THE ABBEY CHURCHFrom Renaissance to Baroque
“The abbey church dedicated to S. Maria Assunta was built in Renaissance style at the end of the 15th century and consecrated on 23 October 1496.”
The abbey church dedicated to S. Maria Assunta was built in Renaissance style at the end of the 15th century and consecrated on 23 October 1496. The grey stone facade has a very simple design, its only decorative element being a large rectangular window from a later period. The bell tower in Romanic style was begun in 1609 and finished in 1641. The balustrade of the churchyard dates back to 1746. The interior of the church has a single nave with painted decoration on the barrel-vault ceiling. Light enters the church through eight arched windows. In addition to the main altar, there are seven altars in polychrome marble, partly in Renaissance and partly in Baroque style.
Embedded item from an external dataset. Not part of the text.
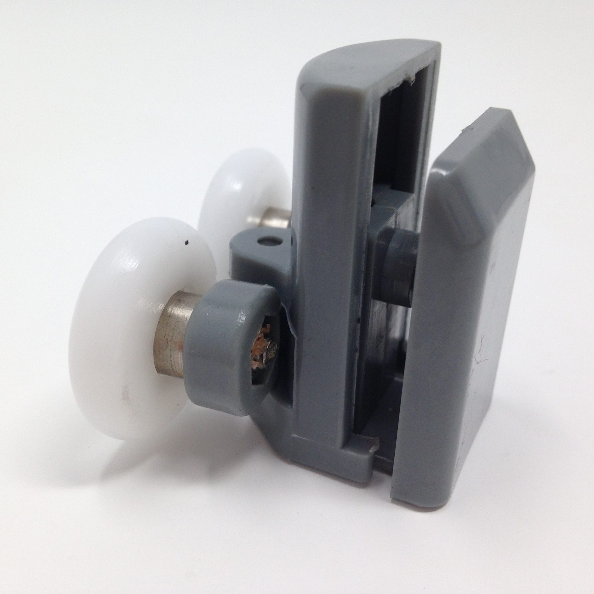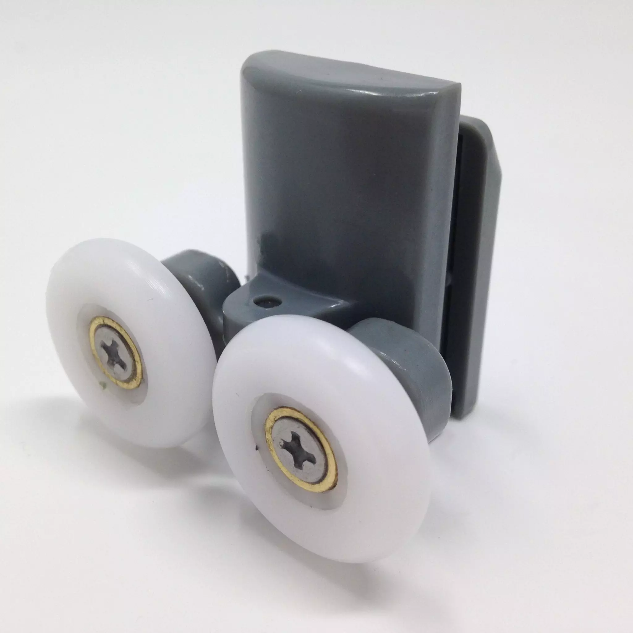 Roulette double pour porte coulissante de cabine de douche. Vendue par lot de 2, cette roulette se compose d’un corps en laiton et d’éléments de soutien en plastique type ABS. Le bandage de la roulette est en téflon, recouvrant un roulement à billes étanche en acier inoxydable. Le choix et la qualité des matériaux employés offrent une utilisation optimale de confort, limitant ainsi le frottement et le bruit lors de la manipulation de la porte.

The church was damaged during the earthquake that hit Lake Garda in 1901. During the restoration work, the plaster that had been superimposed on the walls during the plague of 1630 was removed and valuable decorations dating back to the early 16th century came to light. The most important works of art are: the late 15th century fresco representing “The Madonna on the Throne with Christ”; the baptismal font in the shape of a chalice built after the plague of 1630; the wooden crucifix executed by Paolo Amadore at the age of 20 in 1613; the 1741 main altar in inlaid marble in Baroque style on which a pelican stands out in the act of feeding its baby birds with his blood; the 15th century silver processional cross; the altarpiece depicting the Assumption of Mary in the apse painted in 1552 by Alessandro Bonvicino, known as Moretto.
The legal wrangling over its possession is linked to this altarpiece.
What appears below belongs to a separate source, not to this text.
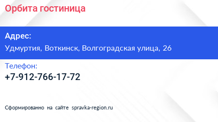 Орбита, гостиница по адресу Удмуртия, Воткинск, Волгоградская улица, 26 в дальнейшем Организация, размещена в следующих категориях:

In 1863 the owner of the abbey sold it for 30,000 lire, but the mayor of Lonato confiscated it on the night of April 30, 1868 and took it to the town hall. In 1871 the Court of Brescia, to which the owner had appealed, ordered the mayor to put the altarpiece back in the church of Maguzzano. The Minister for the Treasury, the Department of Justice and the Minister of Cultural Affairs obtained from the Court of Brescia a sentence by which it was decided that the painting should remain the responsibility of the parish church of Maguzzano. However, on 7 April 1896 the Prefect of Brescia ordered its requisition and the director of the Pinacoteca di Brescia, escorted by the carabinieri, took it to the museum where it remained for years in a cellar. The parishioners of Maguzzano insisted that it be returned and so it was: on Assumption day, August 15, 1953, the canvas returned to the apse of the church where it has been possible to admire it ever since.